A Christmas Special: Jargon Buster

A Christmas Special: Jargon Buster

The corporate world is a strange and fantastic beast. Built upon by too many idiosyncrasies to count, the industry is perhaps best recognised by its reliance on jargon. Described by founder of the Plain English Campaign (and kindred spirit) Chrissie Mahler, as ‘down-right dangerous’ ,‘the over-use of jargon can become a barrier to gaining new business and considered pointless by colleagues'. 

When researching this article, I spent an evening ‘generating some gobbledygook’ via the Plain English Campaign (a tool that enables you to create nonsense at will), and some of their suggestions were unexpectedly familiar. The phrase: ‘We need to get on-message about our compatible strategic alignment’ gave me de ja vu, not to mention how: ‘our upgraded model now offers deconstructed reciprocal flexibility’ sounded like the subject line of a recent meeting invitation.

Increasingly, our offices seem to be galloping towards a language of drivel-ly double-speak to demonstrate cutting edge technical know-how and prowess. But is jargon the future of industry or is it just a fad destined for obscurity? Could a resurgence in plain speaking be the answer we never knew we needed? Let us know your thoughts over on social media.
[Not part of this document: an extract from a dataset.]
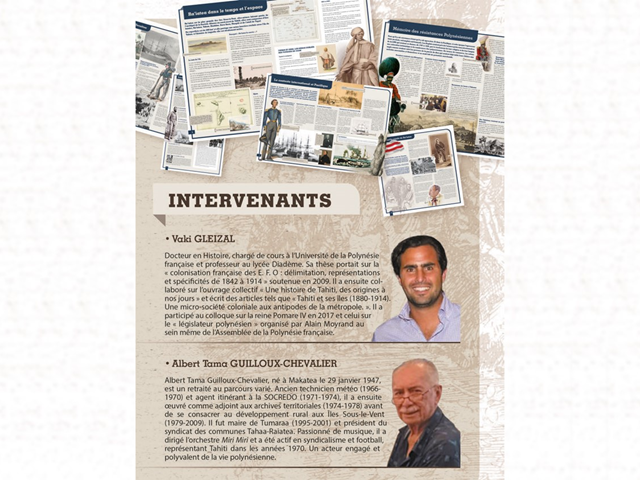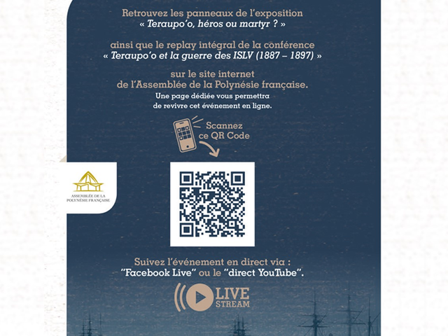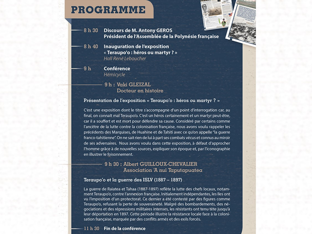 À 9 h, une conférence publique se tiendra dans l’hémicycle de l’institution. Elle sera animée par M. Vaki Gleizal, docteur en histoire, qui présentera le contexte historique et les enjeux majeurs abordés dans l’exposition. Puis M. Albert Guilloux-Chevalier, membre de l’association « A Nui Taputapuātea », interviendra sur le thème « Teraupo’o et la guerre des Îles Sous-le-Vent (1887–1897) ».

So, as LexisNexis’ resident business speak nay-sayer, I’ve pulled together the most scream-worthy list of office nonsense and examined the true meanings behind the etymological gift that just keeps on giving.

1. ‘I’ll socialise that’: A phrase that’s gaining unexpected popularity, ideas large and small are currently undergoing nationwide meet and greets. I’m yet to see any of the newly socialised concepts buy anyone a round… 

2. ‘It’s on my radar’: or, as I like to call it ‘Yes, I did forget. Thank you for noticing’. This phrase always conjures the same image: Baroness Trumpington giving Lord King the V sign for being called ‘old’ on a live stream. Much like the righteous Baroness T’s ‘V’, ‘it’s on my radar’ says: I am aware of the situation, but did it really need pointing out?!

3. ‘Let’s touch base’: is amongst the cannon of email zingers that gives professionals everywhere an undeniable sense of well-being. Relative enough to the phrase ‘as per my last email’ or ‘can I politely remind you’, ‘let’s touch base’ enables you to communicate your meaning without the HR nightmare of chucking the word ‘idiot’ into an email. 

4. ‘It’s a culture/health and safety/marketing/PR etc…piece’: Broadly used by senior colleagues, this phrase is chiefly used to stint the flow of discerning questions from unconvinced colleagues. ‘It’s a [insert word here] piece’ communicates the jolly message that although you have absolutely no idea what you’re on about, you’re at least smart enough to hide it.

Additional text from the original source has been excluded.